Python PFM <-> Numpy library

import numpy as np
import re
import sys

'''
Load a PFM file into a Numpy array. Note that it will have
a shape of H x W, not W x H. Returns a tuple containing the
loaded image and the scale factor from the file.
'''
def load_pfm(file):
  color = None
  width = None
  height = None
  scale = None
  endian = None

  header = file.readline().rstrip()
  if header == 'PF':
    color = True    
  elif header == 'Pf':
    color = False
  else:
    raise Exception('Not a PFM file.')

  dim_match = re.match(r'^(\d+)\s(\d+)\s$', file.readline())
  if dim_match:
    width, height = map(int, dim_match.groups())
  else:
    raise Exception('Malformed PFM header.')

  scale = float(file.readline().rstrip())
  if scale < 0: # little-endian
    endian = '<'
    scale = -scale
  else:
    endian = '>' # big-endian

  data = np.fromfile(file, endian + 'f')
  shape = (height, width, 3) if color else (height, width)
  return np.reshape(data, shape), scale

'''
Save a Numpy array to a PFM file.
'''
def save_pfm(file, image, scale = 1):
  color = None

  if image.dtype.name != 'float32':
    raise Exception('Image dtype must be float32.')

  if len(image.shape) == 3 and image.shape[2] == 3: # color image
    color = True
  elif len(image.shape) == 2 or len(image.shape) == 3 and image.shape[2] == 1: # greyscale
    color = False
  else:
    raise Exception('Image must have H x W x 3, H x W x 1 or H x W dimensions.')

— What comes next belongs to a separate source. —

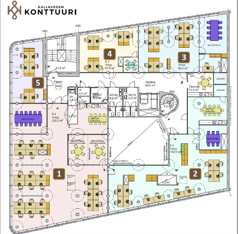 Tämä 99,5m2 toimistotila sijaitsee kiinteistön 5. kerroksessa. Toimistossa on avotilaa, neuvotteluhuone ja työhuone. Wc-tilat ja keittiö ovat vuokralaisten yhteiskäytössä. Kerroksen peruskorjaus valmistui vuonna 2022. Tämä toimisto on pohjakuvassa tila 3.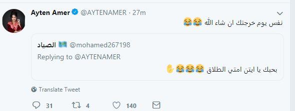 تفاجأ أحد معجبي الفنانة آيتن عامر بردها عليه عبر حسابها الخاص على موقع التواصل الاجتماعي تويتر.

  file.write('PF\n' if color else 'Pf\n')
  file.write('%d %d\n' % (image.shape[1], image.shape[0]))

  endian = image.dtype.byteorder

  if endian == '<' or endian == '=' and sys.byteorder == 'little':
    scale = -scale

  file.write('%f\n' % scale)

  image.tofile(file)  

For load_pfm in python3, I had to add decode('utf-8') to each readline:

header = file.readline().rstrip() -> header = file.readline().decode('utf-8').rstrip()

I modified final line of load_pfm to return np.flipud(np.reshape(data, shape)), scale

Also I wrote another helper to make it an image using opencv where as-is the files can have inf values, which throw off normalization.

def get_grayscale(filename, max_val_pct=0.1):
    """
    Handle any infinite values, set those equal to largest value + largest value * max_val_pct
    DocTest .pfm from http://vision.middlebury.edu/stereo/data/scenes2014/datasets/Adirondack-perfect/
    :param filename: str
    :param max_val_pct: float
    :return: numpy.array
    >>> grayscale = get_grayscale('images/Adirondack-perfect/disp1.pfm')
    >>> grayscale = cv2.resize(grayscale, dsize=(0, 0), fx=0.2, fy=0.2)
    >>> cv2.imshow('image', cv2.applyColorMap(grayscale, cv2.COLORMAP_JET))
    >>> cv2.waitKey(0)
    """
    data, _ = load_pfm(open(filename, 'rb'))
    data = np.where(data == np.inf, -1, data)
    max_val = np.max(data)
    max_val += max_val * max_val_pct
    data = np.where(data == -1, max_val, data)
    return cv2.normalize(data, dst=None, alpha=0, beta=255, norm_type=cv2.NORM_MINMAX).astype(np.uint8)

For load_pfm in python3, I had to add decode('utf-8') to each readline:

header = file.readline().rstrip() -> header = file.readline().decode('utf-8').rstrip()

For decode('ascii'), use : .decode('ascii'))

And, Load PFM as,
data, _ = load_pfm(open(image_path, 'rb'))
#data : O/P Numpy Array